Portugal
(Domingos Amaral)
Episódio Nº 23
Ainda zangado, Afonso
Henriques lançou uma provocação vingativa a Fátima tentando ajustar as contas
desfavoráveis da surra.
- Afinal, ninguém vos vem salvar!
Estranhamente enervada, Dona
Teresa voltou a repreender o filho:
- Já vos disse para não vos meteres com
mulheres! Olhai que ela tinha um punhal!
As crianças cristãs
estremeceram, aflitas, como se a lembrança daquela furtiva lâmina que aparecera
nas mãos de Fátima fosse um subtil sinal de que a imprevista retirada dos
mouros não anulava os tenebrosos perigos do mundo.
Já Zulmira permaneceu
calada, enquanto Zaida lhe dava a mão, á procura de protecção maternal, e
Fátima mordia o lábio superior, odiando o universo inteiro.

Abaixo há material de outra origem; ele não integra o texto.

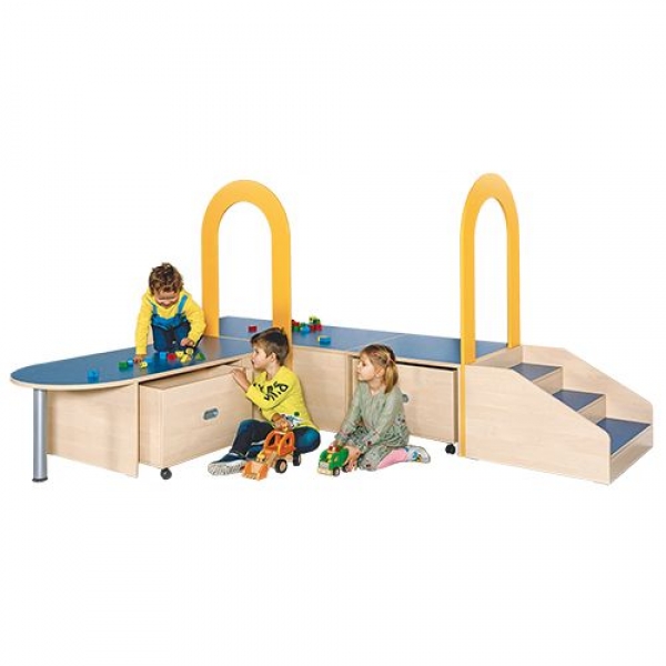 Die Podestlandschaft mit verschiedenen Podestelementen aus unserem Fertigungsprogramm bietet interessante Möglichkeiten für Spiel, Sport, Gestaltungen und die kreative Dinge des Gruppenlebens. Alle Podestoberplatten besitzen eine Linoleumoberfläche. Die 2 mm - ABS Sicherheitskanten an der Podestplatte aus 19 mm E 1-Feinspanplatte gewährleistet eine beanspruchungsfähige Kante, die den täglichen Beanspruchungen auch auf den geschwungenen Konturen ohne weiteres standhält. Die Linoleumoberfläche stellt eine strapazierfähige und pflegeleichte Oberfläche dar, sie ist aus mehreren fröhlichen Farben wählbar. Mit dem Material Linoleum steht eine geräuschdämmend, kratzfeste, abwisch- und desinfizierbare Oberfläche zur Verfügung. Das Dekor des Podestkorpus wird in mehreren Varianten angeboten: bitte wählen Sie bei der Bestellung! Die Randbereiche der Podestelemente sind in der Regel geschlossen. Die Abbildung ist ein Gestaltungsvorschlag, die einzelnen Elemente lassen sich bei Bedarf auch umgruppieren - oder können auch in anderen Kombinationen verwendet werden.

Desligada daquelas infantis
polémicas, Dona Teresa dirigiu-se a Bermudo, que a seguia como um cachorro
segue o dono, e ordenou:
- Levai dez homens convosco e mantendo-vos na
peugada do califa durante duas noites, a ver se isto é truque para nos
enganarem.
Bermudo pareceu atrapalhado
com a pesada responsabilidade contudo confirmou que o iria fazer, com um aceno
de cabeça.
Nesse momento meu pai e meu
tio trocaram um olhar cúmplice, enquanto Fernão Peres de Trava dorria,
agradado, como me disse depois Raimunda, a minha prima magricela que se
especializara em espiar os outros e que foi a única que o viu sorrir.

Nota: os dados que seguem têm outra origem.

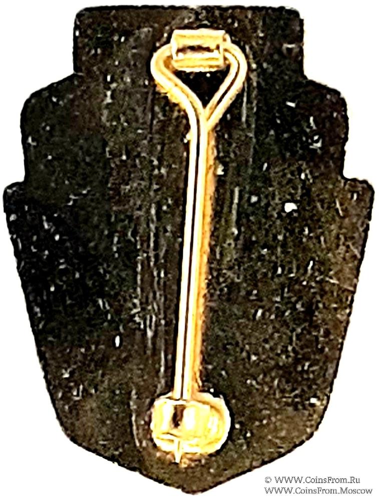 РЕВЕРС: глянцевый с вертикальной булавкой для ношения. Без гравировок и клейм.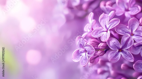 A close-up of several lilac blooms against a softly blurred background, illuminated by a shallow depth of field

- Sei bem porque se sorri o galego ardiloso –
acrescentou.
Naqueles dias, eu ainda não
dava importância especial aos Trava, e apenas fiquei espantado com Afonso
Henriques que não estava eufórico, como nós, com a partida do califa e das suas
tropas.
Desapontava-o a inexistência
de um verdadeiro combate, épico e memorável. Os mouros retiravam porque
queriam.
Assim não os poderemos
vencer, como meu pai fazia! - exclamou
ele.
As crianças só entendem o
óbvio, nunca para além dele. No espírito infantil do meu melhor amigo não se
levantara a questão essencial: porque partia Ali Yusuf sem batalhar? Sabia-se
que o califa não estava doente, como no ano anterior...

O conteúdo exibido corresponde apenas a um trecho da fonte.